Amid these regulatory efforts, we often overlook a key question: What kind of global AI governance landscape is likely to emerge from this patchwork of national regulatory efforts? In a recent academic article, we explore how the political economy of AI regulation is shaped by the strategic behavior of governments, technology companies, and other agents. To do this, we think of AI regulation as a dynamic, international “game” between national regulators and companies.

We study both how this game plays out within a single jurisdiction—what we call the “local” game—and the “global” game, where multiple jurisdictions and multiple companies compete against each other. These dynamics open room for different forms of regulatory behavior, shaped either by the prevalence of different national interests over business interests, or by regulatory capture in which national regulations reflect mostly business wishes. In an ever-evolving regulatory and political landscape, our stylized framework should help scholars and policymakers understand and analyze the potential impact of regulatory actions, and predict how other countries and companies may respond to regulatory initiatives.

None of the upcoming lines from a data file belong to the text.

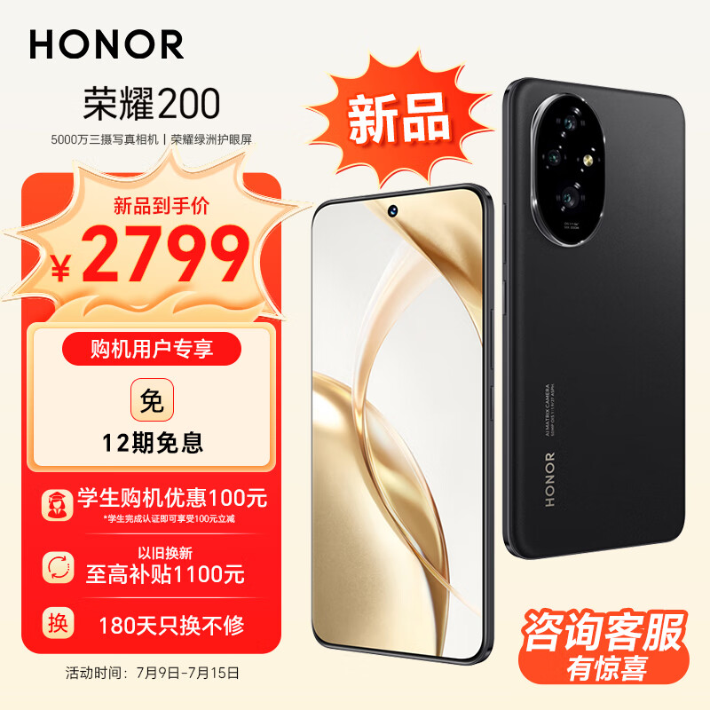 荣耀200 新品 旗舰级青海湖电池 绿洲护眼屏 5000万雅顾光影主摄 拍照手机 AI手机 16+256 绒黑色 5G价格:2799.00元!
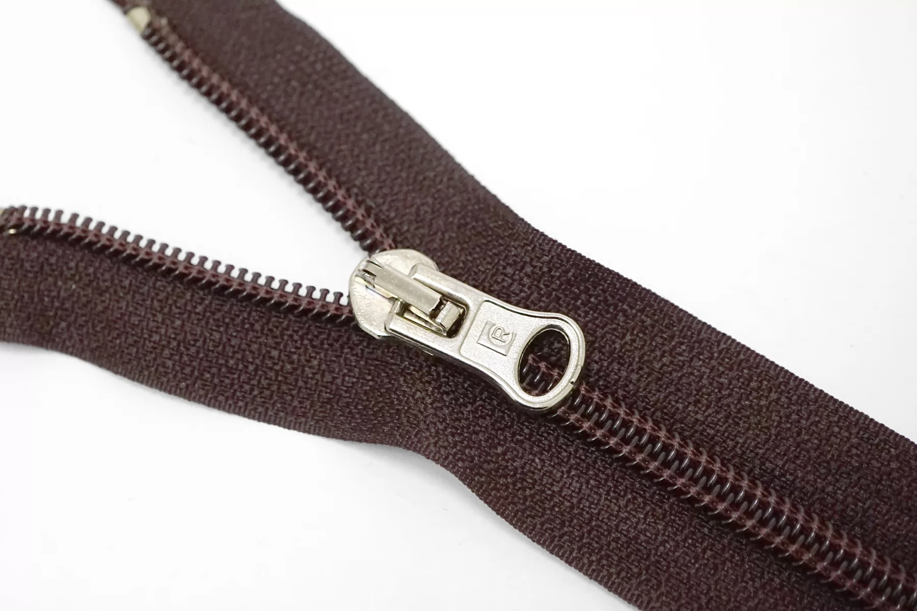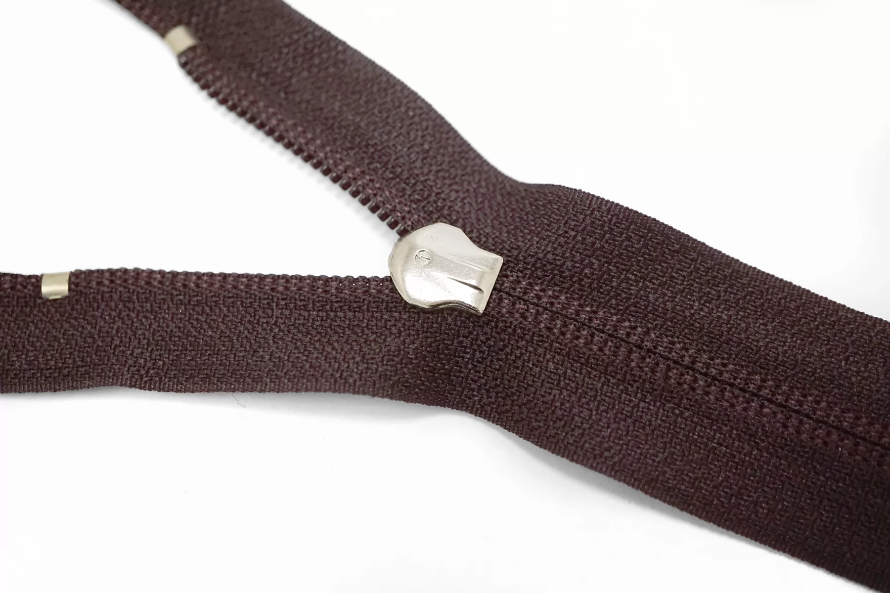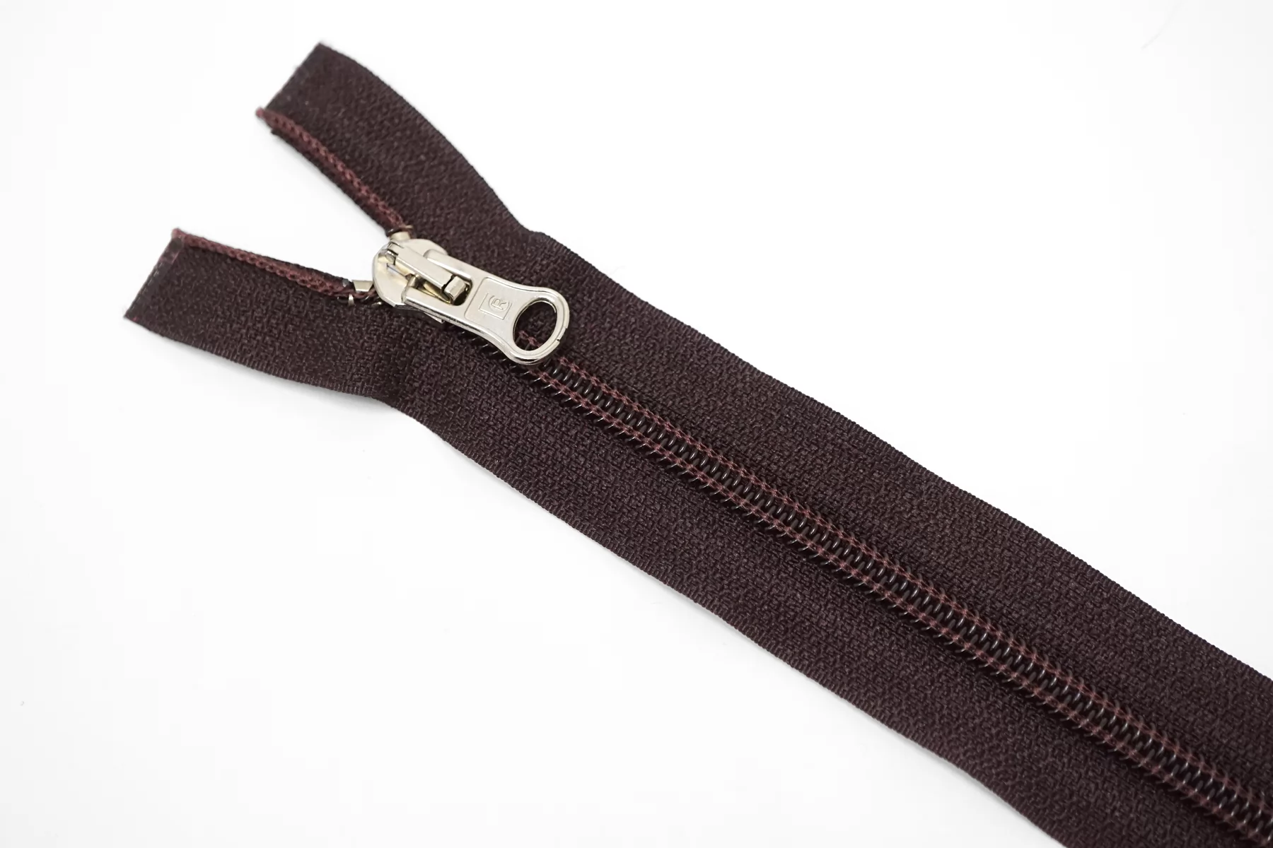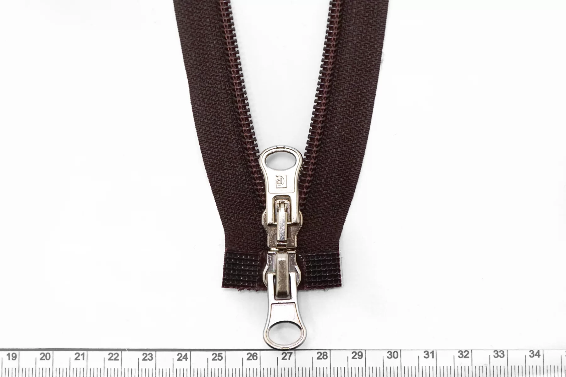 Молния спиральная неразъёмная, двухзамковая, оттенок спелой черешни, пуллеры в цвете серебристый никель. Длина 70 см.
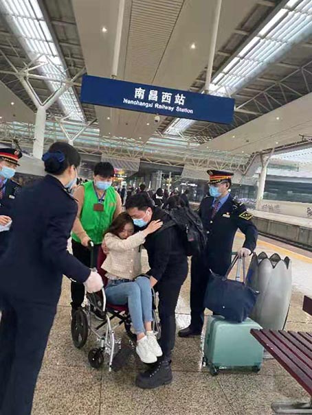 18:10列车到达南昌西站,G78、G79组工作人员将旅客护送至车站救护人员,旅客聂先生一直握着甘剑的手激动着说:“真的是太感谢你们了,感谢你们的专业和用心,没有你们我们真不知怎么办,谢谢了。”
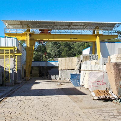 Com um parque fabril de 3.200m2 de área construída em um terreno de 16.000m2, são beneficiados mensalmente, mais de 6.000m2 de basaltos, granitos e mármores extraídos de 8 jazidas próprias em operação.
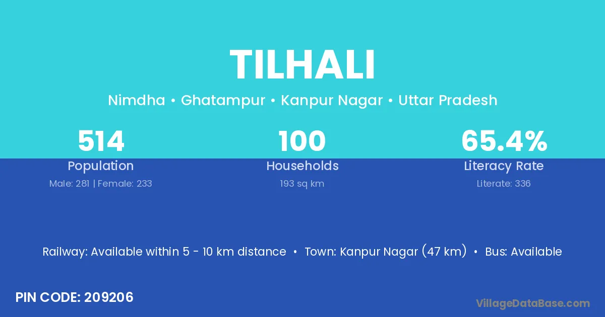 Kanpur Nagar (47 km) is the nearest town to Tilhali village for major economic activities and is located approximately 47 km away.
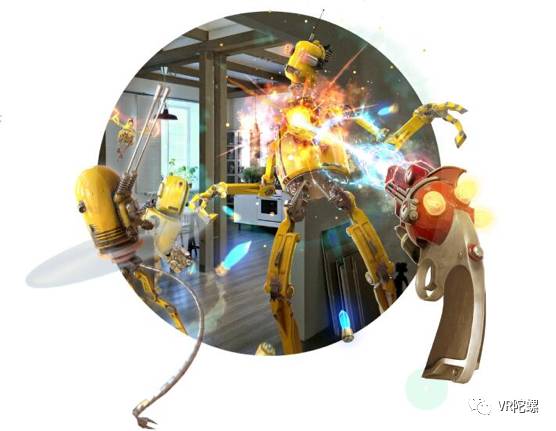 在演示图中我们可以看到,虚拟机器人正在真正的厨房里战斗,这展示了用户如何使用Magic Leap One玩游戏,Magic Leap想让游戏场景发生在任何地方。
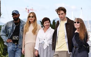 (250518) -- CANNES, 18 mayo, 2025 (Xinhua) -- La directora británica, Lynne Ramsay (c), posa junto a miembros del elenco durante una sesión fotográfica para la película "Die, My Love" en la 78 edición del Festival de Cine de Cannes, en Cannes, en el sur de Francia, el 18 de mayo de 2025. (Xinhua/Gao Jing) (rtg) (ah)
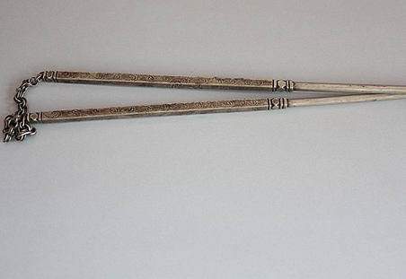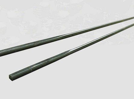 殷墟出的筷子头是用铜做的。到汉代以后主要是圆的筷子,竹的筷子。两端一样,并没有分哪个是上面,哪个是下面。我们现在也不太多用,我们家里用的筷子夹菜的那一端是圆头,我把它叫足,上面的方的,我把它叫首,就是头。
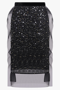 A refined study in contrast and texture, the Sequin Embroidery Sheer Midi Skirt in black is crafted with a layered construction that blends structure and fluidity. This elevated silhouette pairs a slim, high-rise fit with a delicate tulle overlayer, creating depth and movement with every step. Black and silver embellishments cascade across the front, offering a dynamic interplay of light and shadow. Velvet trim and tailored rear pockets ground the piece in Sacai’s signature hybrid tailoring, while the concealed fastening and rear slit ensure a clean, elongated finish. - Fabrication: Outer: 100% Polyester; Lining: 100% Cupro - Slim-fit, high-rise midi skirt with sheer tulle overlayer - Black and silver sequin embellishments across the front for dimensional shine - Concealed rear hook and zip fastening for a streamlined finish - Two rear button-fastening jetted pockets add tailored structure - Velvet trim for subtle texture contrast - Rear slit enhances movement and wearability Style it with the matching Sequin Embroidery Sheer Top for an effortless elevated look, or a crisp shirt to balance the skirt’s intricate detailing with modern ease. Size and Fit Tiah: Model is 178cm/5’9” and is wearing a size JP2 Model Measurements: Bust: 86cm, Waist: 69cm, Hips 90.5cm Fits true to size.
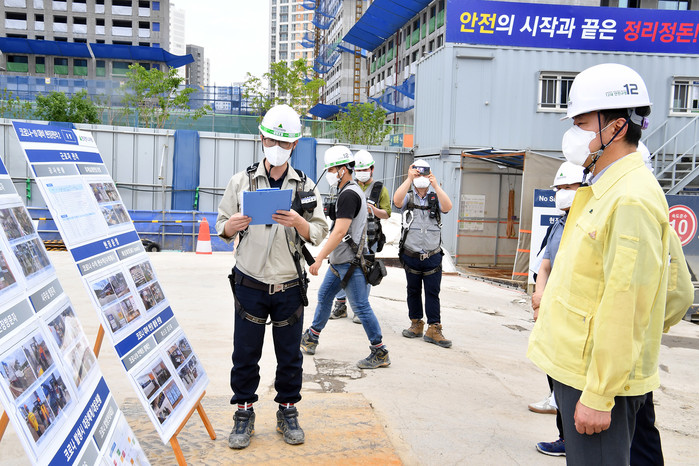 김상호 경기 하남시장은 지난 15일 감일지역내 지식산업센터와 아파트 건설현장 등 대형 건설현장의 현장 출입관리 시스템 시연 및 흡연장 거리두기 지침 실태 등 코로나19 방역수칙 준수 여부 등 현장을 점검했다. 사진은 김 시장(오른쪽)이 현장에서 관계자로부터 현황 보고를 받고 있는 모습. (사진제공=하남시청)
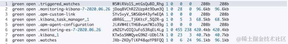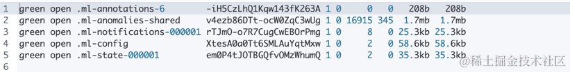 请注意在上面的索引中,以点 . 为开头的索引都是系统索引。是集群创建的索引。在这里,我们看不到任何以 .ml 为开头的索引。为了能得到以 .ml 开头的系统索引,我们需要做如下的查询:
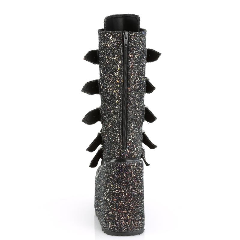 Tu veux capturer la nuit étoilée sur tes pieds ? Les bottes glitter multicolore Demonia Cult Swing-230G transforment tes jambes en constellations mobiles. Avec leur base noire parsemée de paillettes arc-en-ciel qui explosent sous la lumière et leurs 5 plaques cœur qui brillent comme des satellites, ces bottes créent un univers à part. Du cosmos punk qui hypnotise.
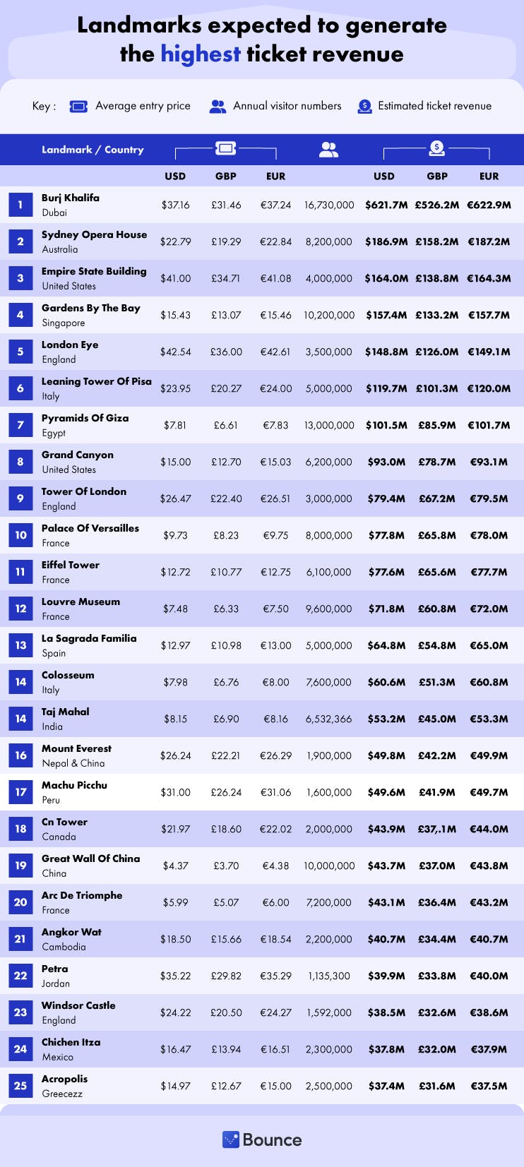 Ticket revenue is estimated as annual revenue generated by the landmark-based solely on the visitor numbers and average ticket price. The average ticket price was taken as the average between a single Adult and Child standard ticket. Many landmarks will have additional revenue streams, so please note that the ticket revenue is a ballpark figure of the revenue generated from ticket sales alone.
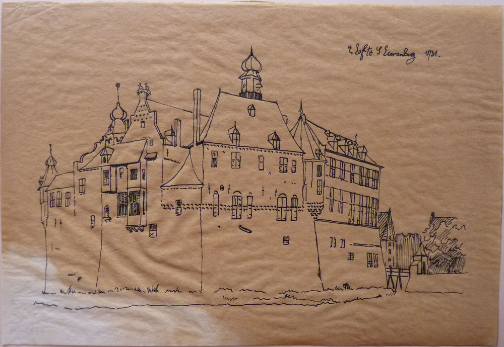 Tekening "Gezicht kasteel Bergh" papier, naar een te...

The local game: four paths for individual jurisdictions Our stylized model starts with a local-level, sequenced game that helps us understand the different alternatives available to the players engaged in international regulatory discussions. Governments begin by deciding whether to regulate AI technologies to address perceived harms to their citizens. Once a regulation is put in place, companies must then respond by choosing whether to comply or evade these rules.

If companies choose evasion, then regulators decide whether to ramp up enforcement (e.g., by extending their laws extraterritorially through an “effects-based” regime or similar measures) or tolerate such evasion. Finally, companies may decide for a full market withdrawal. Each of these decisions have different costs and benefits given the interplay between these agents.

Ultimately, this game can lead to four possible scenarios at the national level: 1. No Local Regulation In some jurisdictions, governments may decide not to regulate AI at all. This may be because the harms associated with the new technology are perceived to be low, because of regulatory capture, or because the cost of enforcing rules is too high.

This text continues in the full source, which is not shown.